# How many cars are in this group?



## Coconutpete (Feb 7, 2008)

I'm starting to shop around for a new car, we are expanding our family and I want something with 4 doors again. I'm getting severely depressed as I'm starting to realize how few cars are in the group I'm looking for:

- 4 doors
- at least 6 cylinders
- rear wheel drive
- manual transmission

My 330 is an 04 so I'd like it to be between 05 - 10' or maybe even 06 - 10'.

Obviously there's another 3 which is starting to look like the best option.

There's the Infiniti G which is a nice car, but I just don't care at all for the sedan design.

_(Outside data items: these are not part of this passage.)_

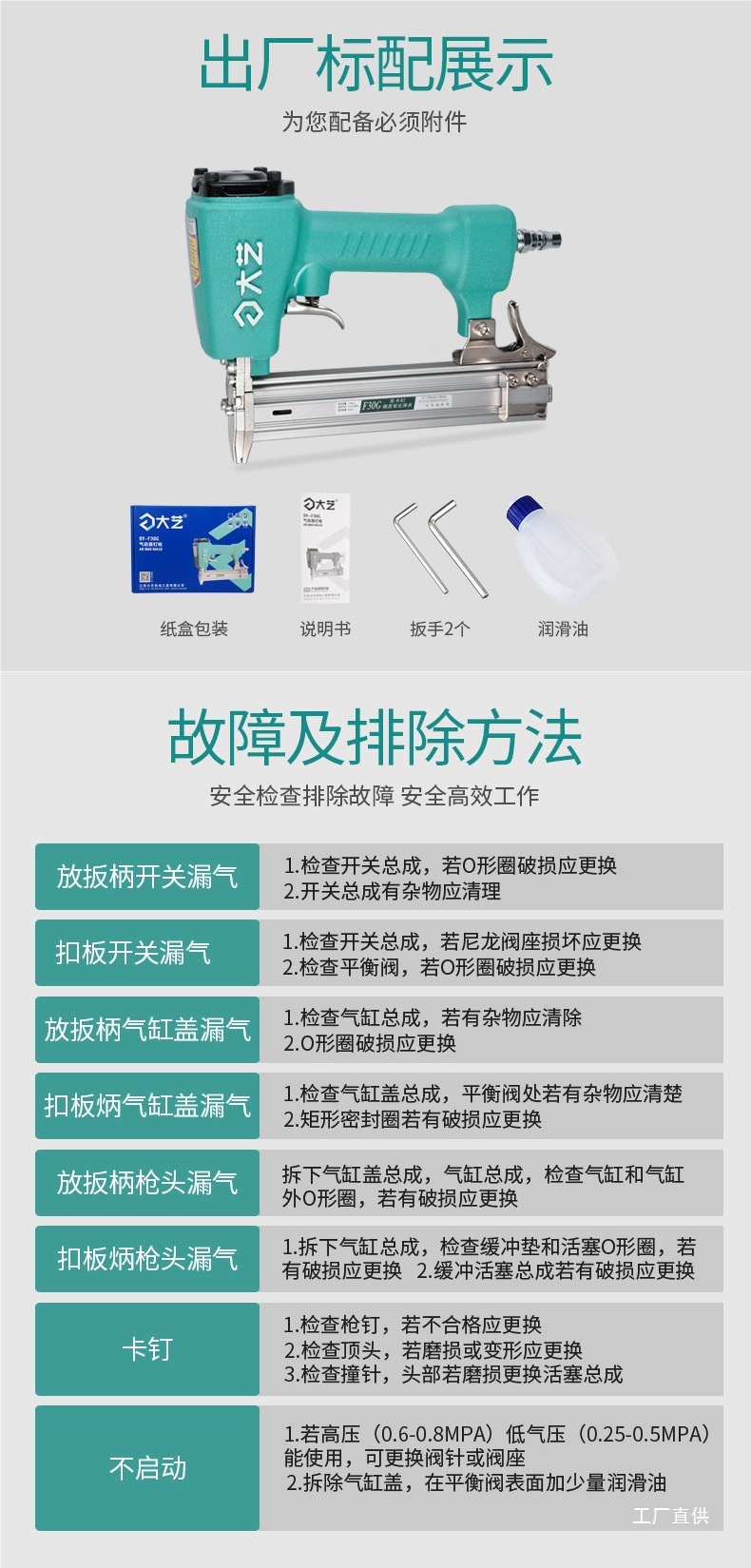 • F30 스트레이트 네일건 공장 표준 구성
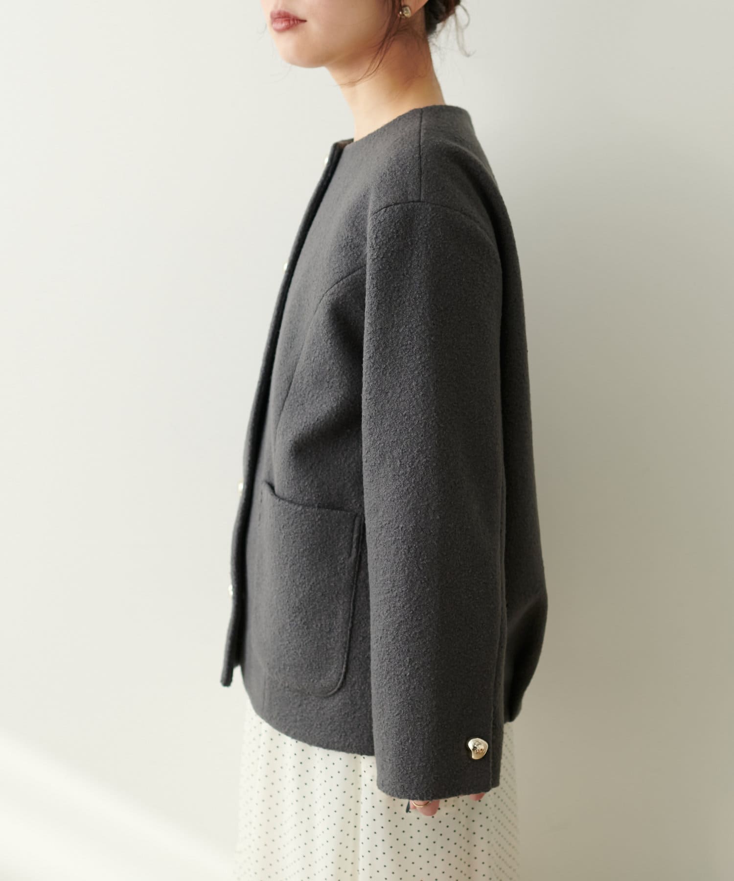 首元はノーカラーですっきりとしたデザインに。
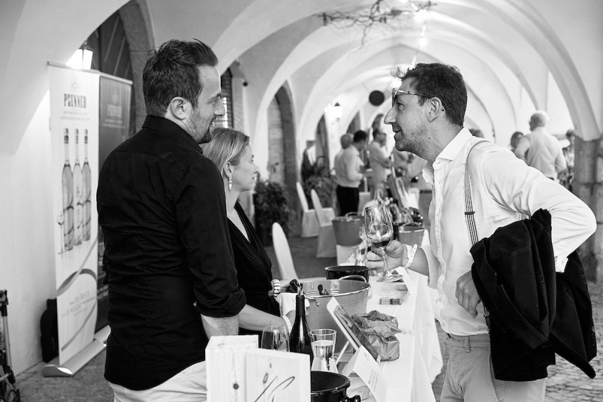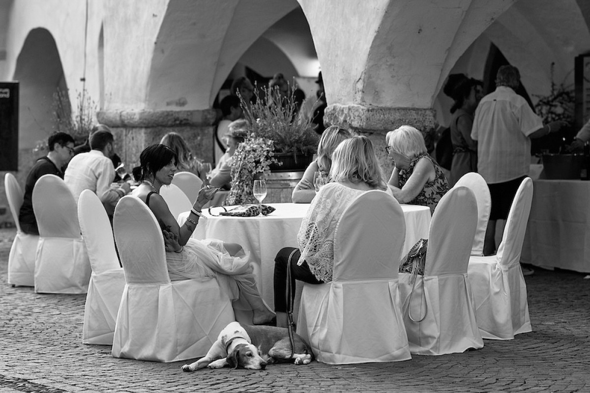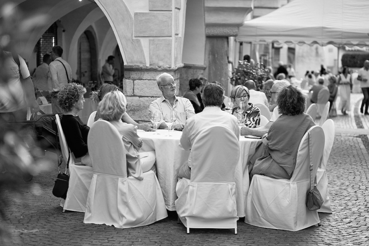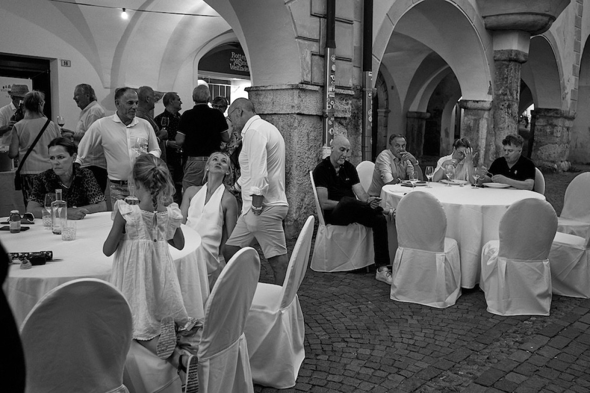 Bei unserem jährlichen Wein & Lauben Event verwandelt sich am Abend die Straße in Neumarkt in einen festlichen Ort, wenn Besucher zu einem gemeinsamen Dinner unter freiem Himmel zusammenkommen.

What the hell else exists in this group??????


----------



## Llarry (May 17, 2002)

Coconutpete said:


> I'm starting to shop around for a new car, we are expanding our family and I want something with 4 doors again. I'm getting severely depressed as I'm starting to realize how few cars are in the group I'm looking for:
> 
> - 4 doors
> - at least 6 cylinders
> ...


Clearly you have drunk the BMW Kool-Aid!  Just like the rest of us...


----------



## Coconutpete (Feb 7, 2008)

I'm eyeballing a couple of 2006 330i's. Little more power than the 328 and not the price tag and HPFP headache of the 335i. Is it really that I have drank the kool-aid or are there no other cars in this category?


----------



## Chris90 (Apr 7, 2003)

Cadillac CTS
Pontiac G8
Jaguar XF is gorgeous but unfortunately auto only
Lexus IS250 - barf


----------



## mstrq (Jun 28, 2010)

Doesn't Mercedes C300 come with manual transmission as standard? At least it does in Canada. Or you can consider the 5 series. 

If you are willing to sacrifice one of the criteria, here's my suggestion:

If you sacrifice rear wheel drive, you can get an Audi A4.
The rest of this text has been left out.